Posted on 10/22/2012
Earlier this year, there was an article from Dow Jones' MarketWatch titled, "10 money-making investment ideas for 2012," which shared a sentiment popular among nearly every strategist on Wall Street at the time - "Stick with dividend-paying growth stocks". Their premise, similar to many, and plausible to even more, was that "U.S. corporate balance sheets — the fundamentals — are in excellent shape overall. Still, in a slow-growth climate the advantage goes to the best of the best. These companies tend to be in areas that are less economically sensitive.

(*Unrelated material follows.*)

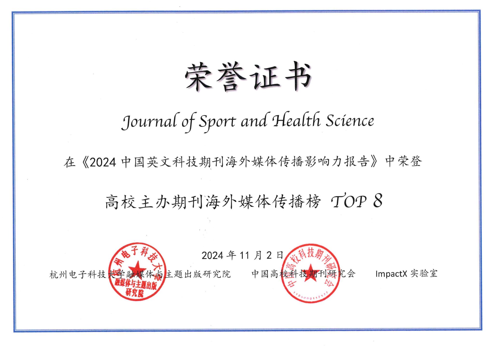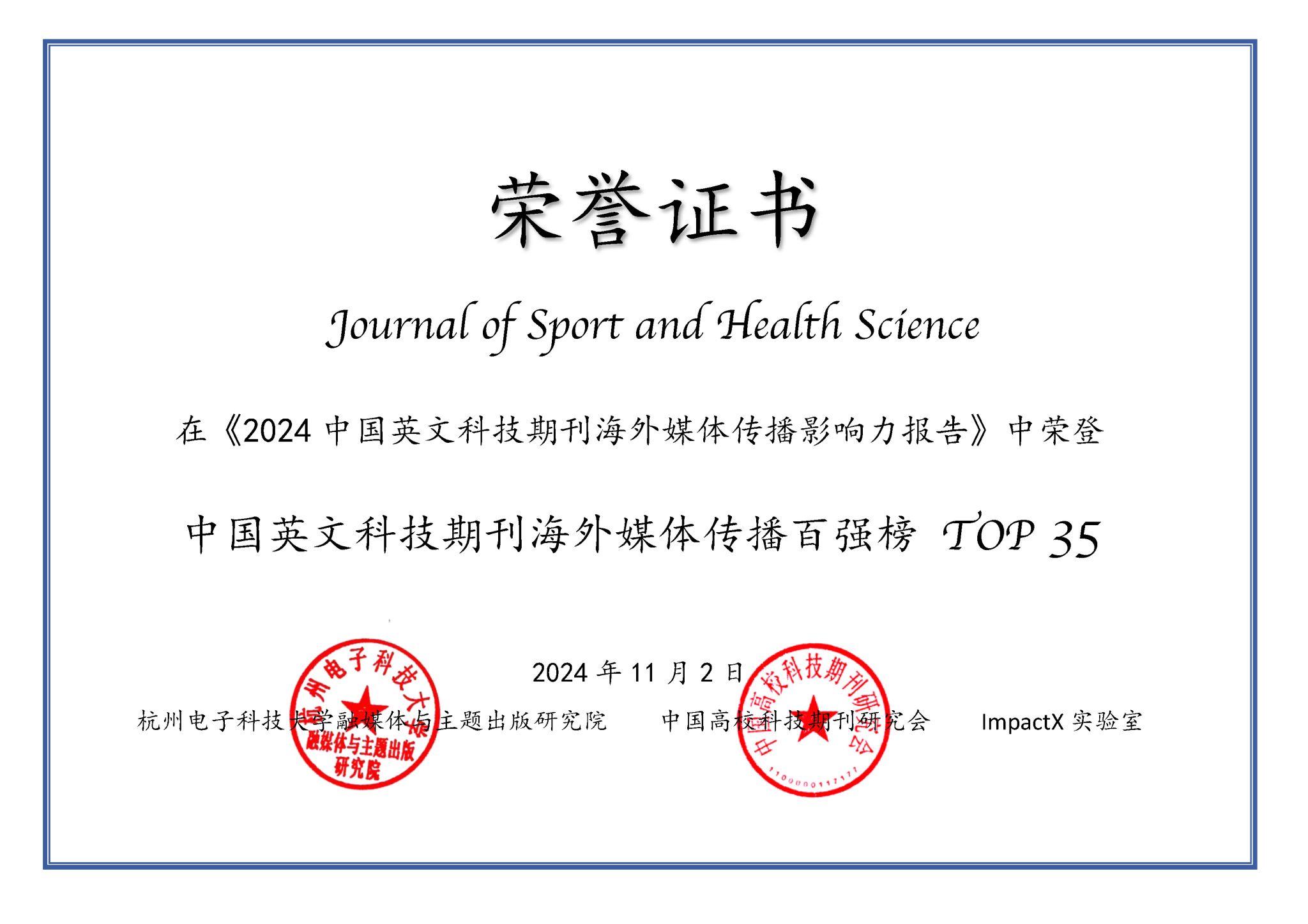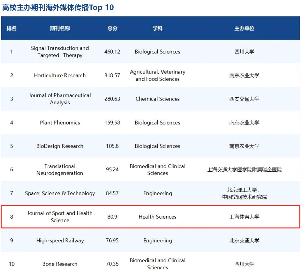 本网讯 近日,《2024中国英文科技期刊海外媒体传播影响力报告》正式发布,今年会主办的《运动与健康科学(英文)》(Journal of Sport and Health Science, JSHS)在“中国英文科技期刊海外媒体传播百强榜单”位列第35,成为Health Sciences领域唯一入选期刊,并在“高校主办期刊海外媒体传播Top 10榜单”位列第8。

Typically they’re large-caps, with a 'wide moat' of business, strong cash flow and a history of using capital for productive purposes including acquisitions, share buybacks and consistently higher dividends." Dividend stocks were about the safest and easiest recommendation an advisor could make to clients early in 2012 as firms generally supported the concept and investors were at least more receptive to this segment of the market after seeing the S&P 500 Index [SPX] finish 2011 with 0% returns.
To this point in the year there are far worse places an investor could have been, as dividend-based products have generally produced solid absolute returns. However, despite a growing stable of dividend-based ETFs gathering assets much faster than the rest of the ETF world, the current list of 32 dividend-based ETFs have underperformed the S&P 500 Index [SPX] in ubiquitous fashion so far this year. This is illustrated in the graphic below, which segregates US Equity-based Dividend Funds from Int'l/Global Equity-based Dividend Funds. The latter are perhaps better compared to the MSCI EAFE Index [EFA] or some combination of that and SPX, but regardless the point is quite clear that as an investment genre dividend-based ETFs haven't kept pace with the broader market this year.